I don't get intimate relationships but platonic I do... Anyone else who has views similar to me?
All my relationships will start with being platonic. Intimacy requires trust, and trust is never instant, or at least, it shouldn't be. If someone wants to start with sex, or gets impatient at reaching that stage in the relationship, I will assume he is trying to get me into bed before I can actually get to know his character. Not cool.
From everything you've said in the past, I don't blame you for wanting to be absolutely sure of a man's character before taking a risk again with someone and getting emotionally hurt again. Makes sense.
@TomMcGiverin it has turned about to be a pretty effective litmus test for weeding out people who don't deserve to be trusted, as well.
@Deb57 I'm glad that it has. It makes sense that patience regarding sex and trustworthiness would go together because they both involve whether a person respects your boundaries and values you as much as themselves.
I think you got it right.
I have had platonic and still do, FWB, and intimate relationships.
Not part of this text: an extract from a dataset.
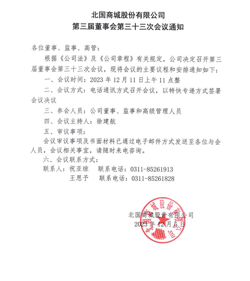 北国商城股份有限公司第三届董事会第三十三次会议通知
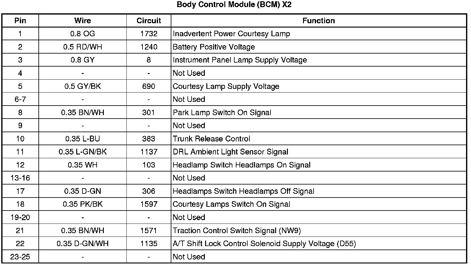 Home >> Chevrolet >> 2011 >> Impala V6-3.9L >> Repair and Diagnosis >> Diagrams >> Connector Views >> Body Control Module

All three are fine, but intimate is the best. My experience has been platonic lasts until one of you gets into an intimate relationship and that usually ends that because there is no real time. FWB will end if one of you gets serious about another person or one of you develops feelings toward the other person. Intimate relationships require more risk because it means opening up to someone and making yourself vulnerable, a scary proposition for some. I have no real problem with that as I have nothing I am trying to hide from anyone. All relationships with other people are or can be complicated. Choose whatever you think or know you want or can handle. Good luck figuring it out.
Wise and eloquent as always. I totally agree with you, Larry. I have only been in platonic and intimate, too sensitive to do FWB, but make no judgement or have anything against consenting adults who do FWB.
Ineffably, I feel effed if I i do and effed if I don't get it.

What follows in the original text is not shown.